Песочные замки - [19]

Шрифт
Интервал

Тогда еще не знали джинсов, она носила синие рыбацкие штаны с разрезом у щиколотки на корсарский манер, и по ее золотым от загара плечам струились длинные волосы, отливавшие кордовской кожей. Поскольку Эрик и Сандра всегда держались вместе, в глаза бросалась редкая цветовая гармония их шевелюр: солома и красное дерево; рядом со своим нордическим спутником девушка выглядела чуть ли не брюнеткой.

У Эрика было гладкое, еще детское лицо с голубыми глазами, тоже более светлыми, чем у его подруги. Он должен был еще возмужать, этот будущий викинг, возмужать и раздаться вширь, ибо тело у него было еще хрупким и сухощавым, да и лицо — чуточку кукольным; довольно частый для парней его возраста контраст. За табльдотом — да, да, этот древний обычай еще сохранился в ту пору — я узнал, что он учится в Нанте, а она работает секретаршей в системе снабжения.

Меж тем постояльцы гостиницы «Пляж» относились к юной чете весьма враждебно.

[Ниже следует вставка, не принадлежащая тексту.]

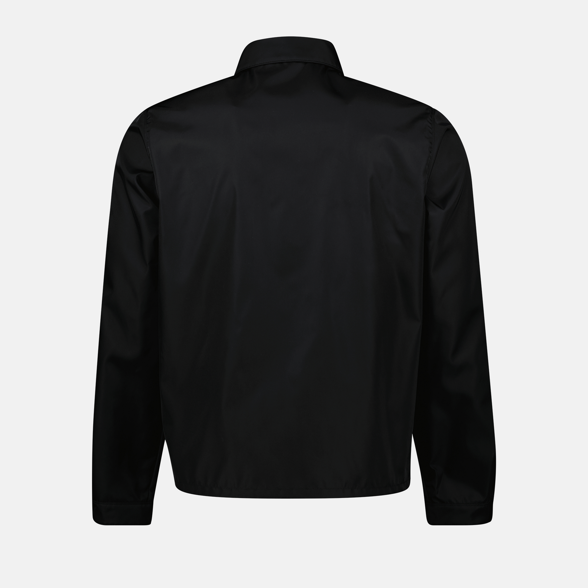 Black Re-nylon jacket from Prada for men, combining style and durability. This piece is part of the Spring-Summer 2025 collection, crafted from recycled nylon with modern details.

В разговорах этих молодых людей, в их жестах — вполне, впрочем, сдержанных, — в их взаимной нежности, а еще больше в их молчании было нечто скандализировавшее других постояльцев — инспектора экономического контроля и его жену; жандармскую чету (я хочу сказать, жандарма и его жандармшу, пикантную пухлую брюнетку), владельца гаража из Манта с супругой и еще нескольких человек, из которых мне запомнился только местный учитель, столовавшийся тоже в гостинице.

Почему же скандализировавшее?

Господи, да, конечно же, потому, что этим двум славным птичкам было совершенно наплевать на продуктовые карточки, на трудности с одеждой, на кончившуюся войну и на мировые катаклизмы. Хотя радио, конкурировавшее с оклеенным картинками механическим пианино, могло часами передавать «Симфонии любви» и бесчисленные песенки про любовь, но любовь на нашу часть планеты еще не вернулась. В любви таилось что-то нестерпимо чуждое. Оттого-то все и глядели косо на этих детей, уж очень свободных от всяческих пут, но сами дети ничуть об этом не тревожились, что только подогревало ощущение скандала.

Я сильно подозреваю, что всем этим окружавшим нас людям так же не было никакого дела до шести проглоченных вечностью лет, как и до вечных ветров старушки Атлантики…

Остров еще больше, чем в обычное время, был отрезан от континента — он весь, целиком, как одно существо, жил и дышал в ритме моря, с головой окунаясь в череду долгих, пропитанных солнцем и ветром дней. Не знаю, доводилось ли вам жить на каком-нибудь острове в Атлантике, но там становишься особенно чутким к дыханию Океана. Даже ночью, за закрытыми ставнями, ощущаешь прилив и отлив. По вздохам ветра, по нарастающему шуму сосен, по рокоту волн, со свирепой мощью обрушивающихся на песчаные берега, ты знаешь, что море идет приступом на остров, накрывает переезд Гуа, берет остров в клещи, сжимает и стискивает его. Это чувство никогда не оставляло меня равнодушным и в зависимости от настроения то бодрило, то угнетало меня.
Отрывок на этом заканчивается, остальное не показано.